# First time prosthetics and full body makeup... Sugestions? The Twilight Zone



## God of thunder (Sep 18, 2012)

Hi

Not going to be much help as haven't done make up for long, long time, however, my two pennies worth.

If you are going to be doing lots of facial movements, I suggest the smaller pieces. Design the pieces so that the edges meet at crease marks to disguise the edges. A full piece make up will distort unnaturally if face is moved a lot.

For filling out deep/thick areas (cheeks in the example), I would suggest either cotton wool or gelatine (sealed all round with the latex to avoid drying out).

Can't help you with the colour, sorry.

EDIT: another alternative is to build up the face in alternating layers of cotton wool/mortcians wax and latex, rather than do a mask/prosthetics. But you would have to work out how long it would take to do and do it on the night.

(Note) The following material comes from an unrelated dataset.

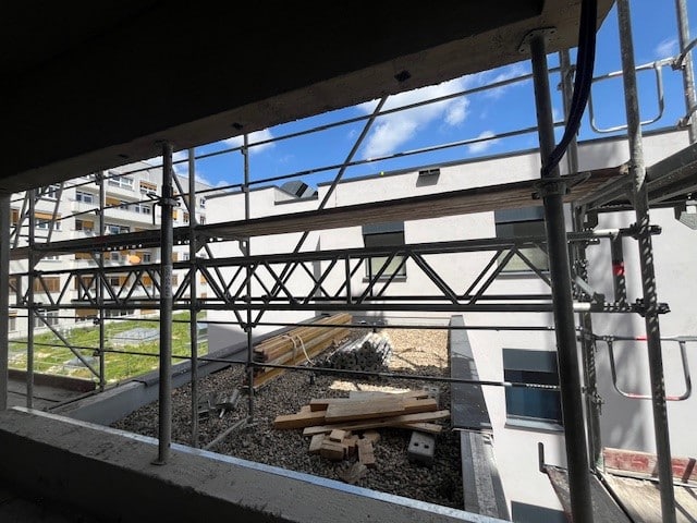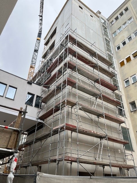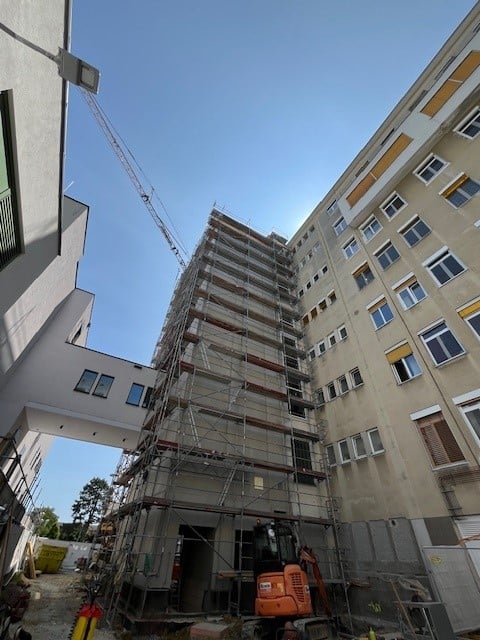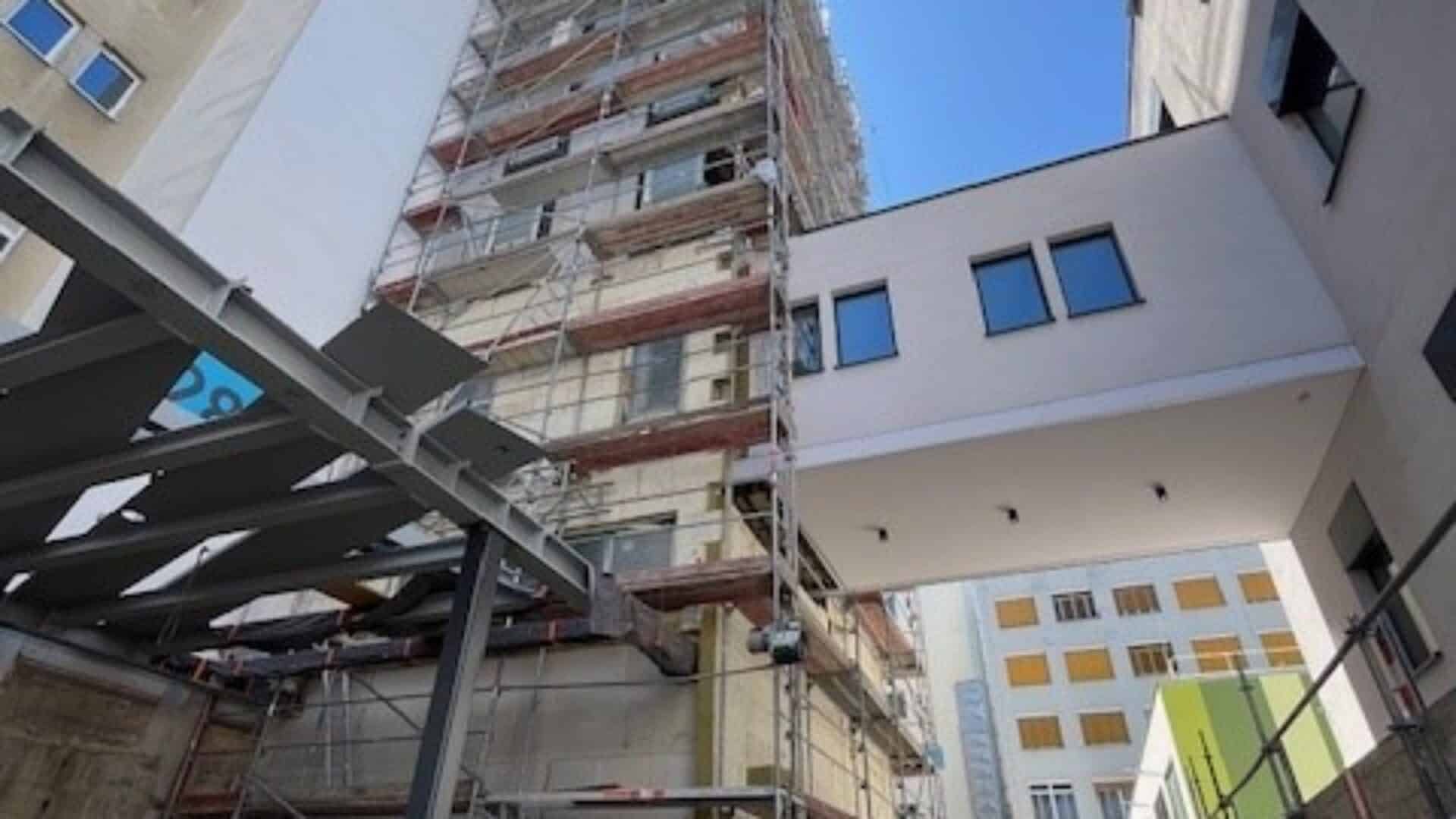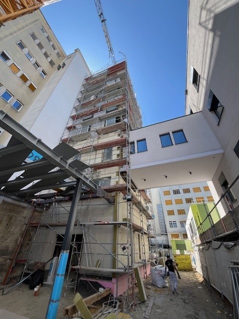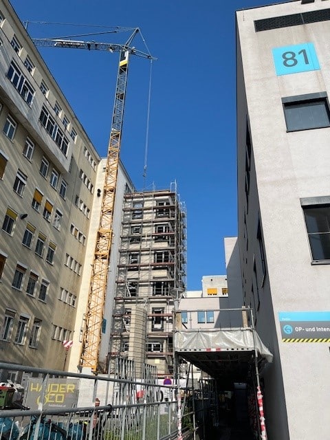 In Wien Ottakring errichten wir als Baumeister einen siebengeschossigen Aufzugszubau in Fertigteilbauweise. Die Anbindung erfolgt an das bestehende Gebäude Pavillon 28, sowie an eine Bestandsbrücke, die bis zur Hälfte abgebrochen und anschließend in den Zubau integriert wird. Besondere bautechnische Herausforderungen ergaben sich durch den alternativen Rückbau der Bestandsbrücke, die während der Rohbauphase durch die Fertigteile umhüllt und erst im Anschluss selektiv abgetragen wurde. Um den sicheren Klinikbetrieb zu gewährleisten, wurde während des Brückenabbruchs eine alternative Verbindung für den Patiententransport außerhalb des Gebäudes eingerichtet. Trotz komplexer Bestandssituation und engem Zeitplan, konnte die Gebäudehülle plangemäß errichtet und der Rohbau mit Mai 2025 abgeschlossen werden.
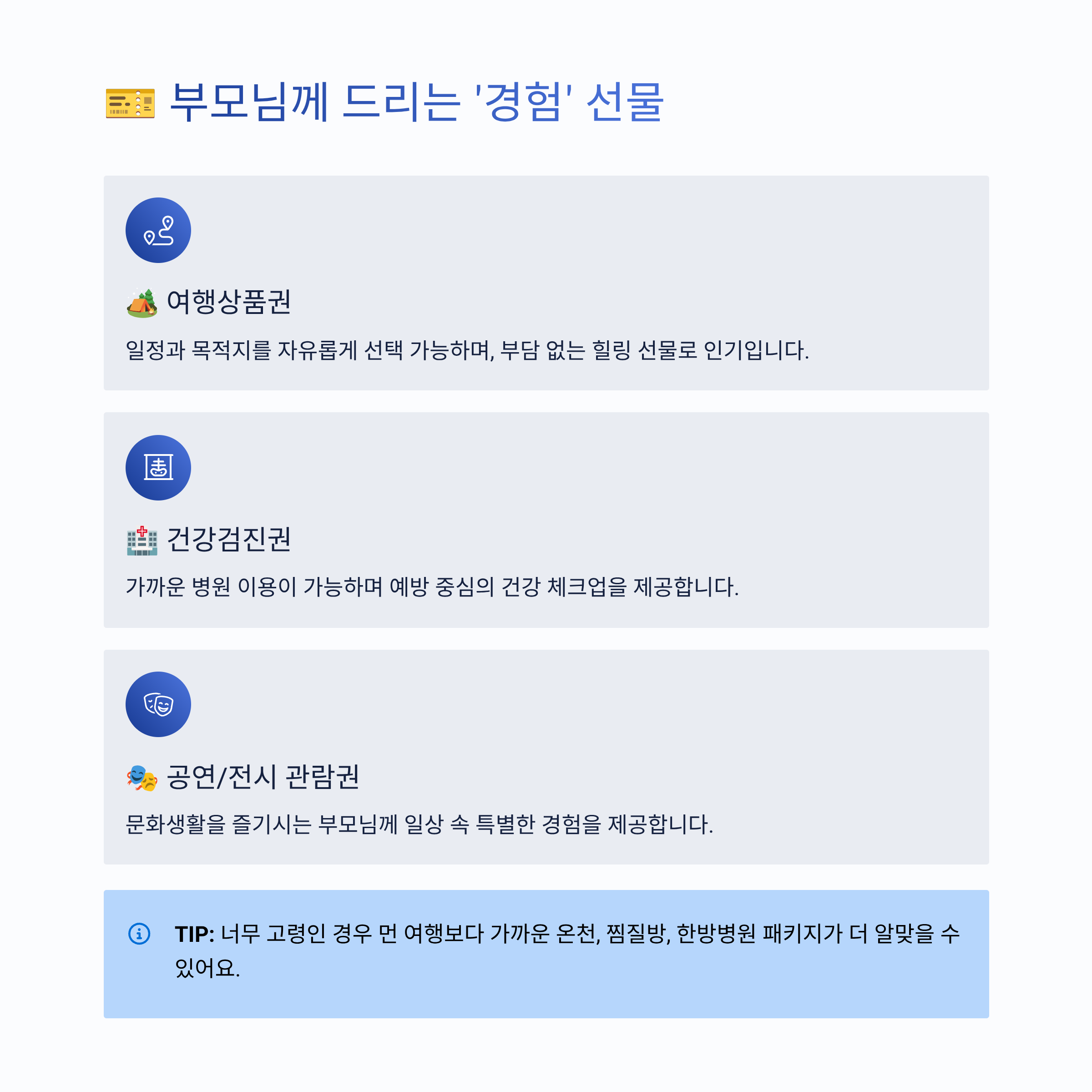 | 🎭 공연/전시 관람권 | 문화생활을 즐기시는 부모님께 일상 속 특별한 경험 제공 |

For cheap ideas, there are great books by make up artists supreme Dick Smith and Tom Savini.

Hope this helps

GoT


----------



## agent skully (Sep 21, 2012)

Thank you God of Thunder. I'm still waiting for my supplies to arrive. Crossing my fingers that I bought enough. :/


----------



## combatmed1 (Sep 28, 2010)

If I were you, I would have went with a foam latex. It makes for better movement and a much more natural feel all together!


----------



## agent skully (Sep 21, 2012)

Uggh, Just looked at my bank account! I spent at least $50 on this so far. Still need sealing spray and my nurse costume. Makeup is so pricey!


----------